Qualcomm (NAS: QCOM) has been the only provider of chipsets for Microsoft's (NAS: MSFT) Windows Phone mobile operating system. As of last month, when Nokia (NYS: NOK) unveiled its two latest smartphones, the Lumia 800 and Lumia 710, that was still true. But take nothing for granted, because Nokia has decided to change its chipset provider for its future Windows Phone handsets.
Earlier this month, Nokia announced that it would start using chipsets from ST-Ericsson, a joint venture between STMicroelectronics (NYS: STM) and Ericsson (NAS: ERIC) . Nokia described its agreement with ST-Ericsson as one that will help Windows Phone-powered smartphones reach "new price points and geographies." That phrase is the key to the switch in suppliers.
When Nokia originally showed off its new smartphones, CEO Stephen Elop dwelled on Nokia's global reach. He was likely referring to emerging markets, places where potential future growth for smartphone sales is high -- if the costs for such handsets can be contained.
As Nokia has found out, cost can make all the difference. Even though it has been steadily losing ground with its phones in established areas, in impoverished regions like Africa, Nokia has made itself into a brand as recognizable as Coca-Cola, according to The Economist. It has done so with such devices as the $30 Nokia 1100 cellphone, which that publication has called the "Kalashnikov of communication for the poor."

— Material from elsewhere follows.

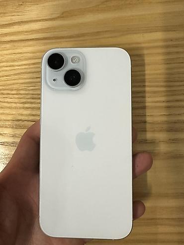 IPhone 15, Б/у, 128 ГБ, Голубой, Зарядное устройство, Чехол, Кабель, 88 %

So for Nokia's 60% share of the African cellphone market, and for its 50% share of the Chinese and Indian markets -- where most consumers can only afford the cheapest entry-level phones -- the company must be able to bring the cost of its Windows Phones so low they can become those markets' first affordable smartphones.
A chipset price war?
Qualcomm, meanwhile, is not giving up the fight to keep Nokia's business. A top executive for the company, Enrico Salvatori, told TechRadar that the company is working on a long-term relationship with Nokia. But if that relationship is going to go back to more than a friends-with- benefits arrangement, then the chipset maker will have to keep chipping away at cost. If it doesn't, as demonstrated by ST-Ericsson, there are others that will.
Nokia's earnings for last quarter showed a company that was down but not out. It is still the world's largest maker of mobile devices; it still creates positive cash flow, and has more cash on hand than money it owes. It builds good, well-designed equipment, but has fallen down hard with its own smartphone software. Abandoning its unpopular homegrown Symbian OS for its new smartphones is a good decision. Whether or not going with Microsoft's Windows Phone OS turns out better won't be determined for at least several months.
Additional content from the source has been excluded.